Problem Description

There are $n$ towns in Byteland, labeled by $1,2,\dots,n$. The $i$-th town's location is $(x_i,y_i)$. Little Q got a taxi VIP card, he can use the VIP card to cut down the taxi fare. Formally, assume Little Q is at $(x',y')$, if he calls a taxi to drive him to the $k$-th town, the VIP card will reduce $\min(|x'-x_k|+|y'-y_k|,w_k)$ dollars.
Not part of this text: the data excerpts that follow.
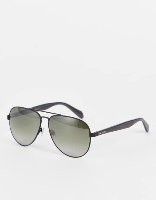 Fossil – Pilotensonnenbrille in Schwarz mit Gläsern in Grün
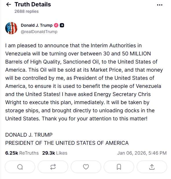 «Me complace anunciar que las autoridades interinas de Venezuela entregarán entre 30 y 50 millones de barriles de petróleo de alta calidad y sancionado a los Estados Unidos de América».
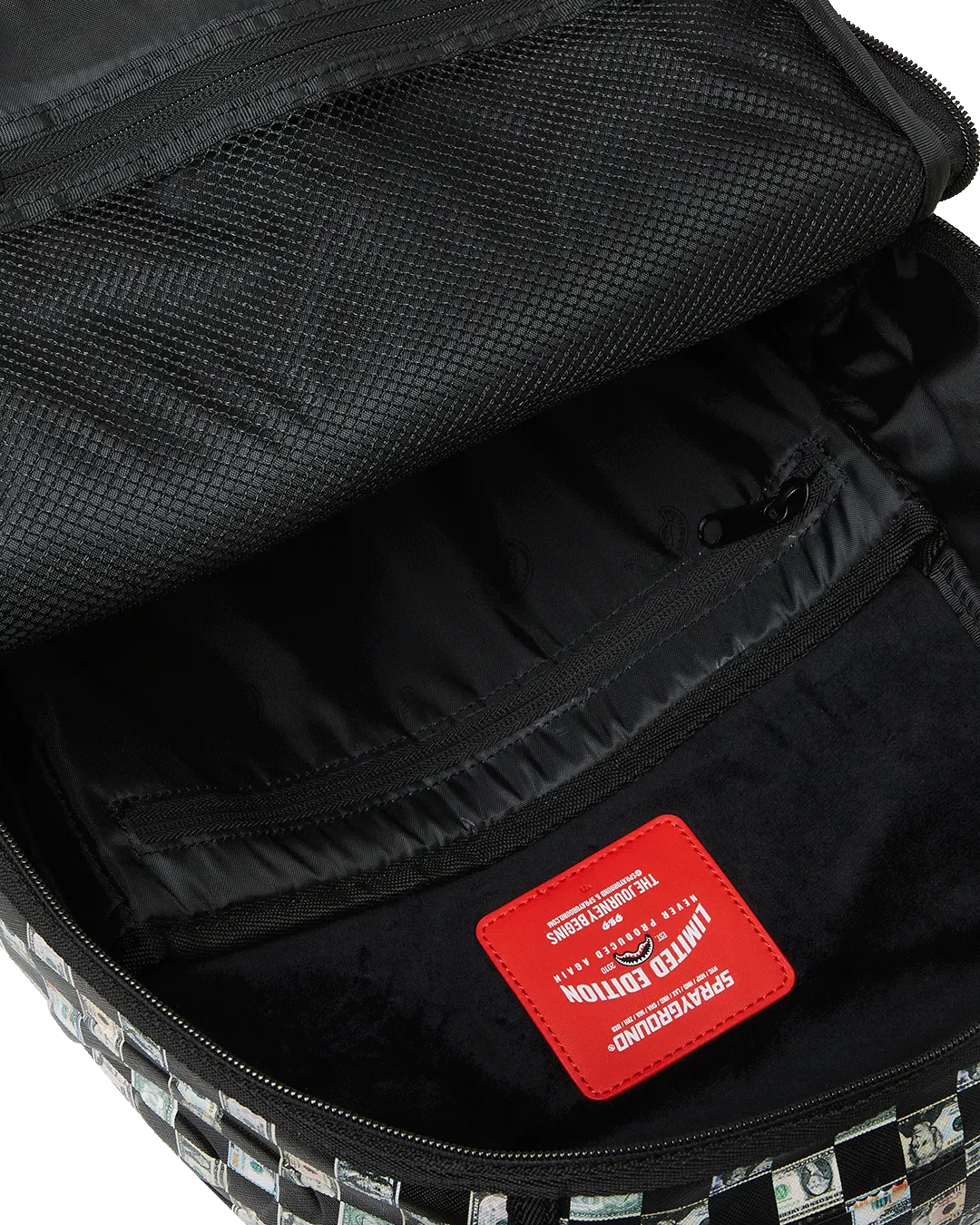 Dimensions: 18″ x 6″ x 11.5″ ? Front zipper pocket ? Side pockets ? Zippered Stash pocket ? Separate velour sunglass compartment ? Ergonomic mesh back padding ? Adjustable Straps for custom sizing ? Gold zippers with metal hardware ? Metal “Sprayground Authentic” badge ? Slide through back sleeve connects to carry-on luggage to free your hands

Little Q wants to make full use of his VIP card. He will give you $q$ queries, in each query you will be given his location, and you need to choose a town such that the VIP card will reduce the most taxi fare.

Input

The first line contains a single integer $T$ ($1 \leq T \leq 100$), the number of test cases. For each test case:

The first line contains two integers $n$ and $q$ ($1 \leq n,q \leq 100\,000$), denoting the number of towns and the number of queries.

Each of the following $n$ lines contains three integers $x_i$, $y_i$ and $w_i$ ($1 \leq x_i,y_i,w_i \leq 10^9$), describing a town.
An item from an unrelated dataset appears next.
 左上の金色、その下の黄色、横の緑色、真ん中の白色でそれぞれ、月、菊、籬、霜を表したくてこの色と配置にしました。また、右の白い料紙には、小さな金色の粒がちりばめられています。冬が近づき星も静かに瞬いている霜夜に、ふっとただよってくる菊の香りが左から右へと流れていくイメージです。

Each of the following $q$ lines contains two integers $x'$ and $y'$ ($1 \leq x',y' \leq 10^9$), describing a query.

It is guaranteed that the sum of all $n$ is at most $500\,000$, and the sum of all $q$ is at most $500\,000$.

Output

For each query, print a single line containing an integer, denoting the maximum possible reduced taxi fare.

1
3 4
1 5 7
5 1 6
2 3 9
1 5
2 2
4 3
10 10

6
4
5
9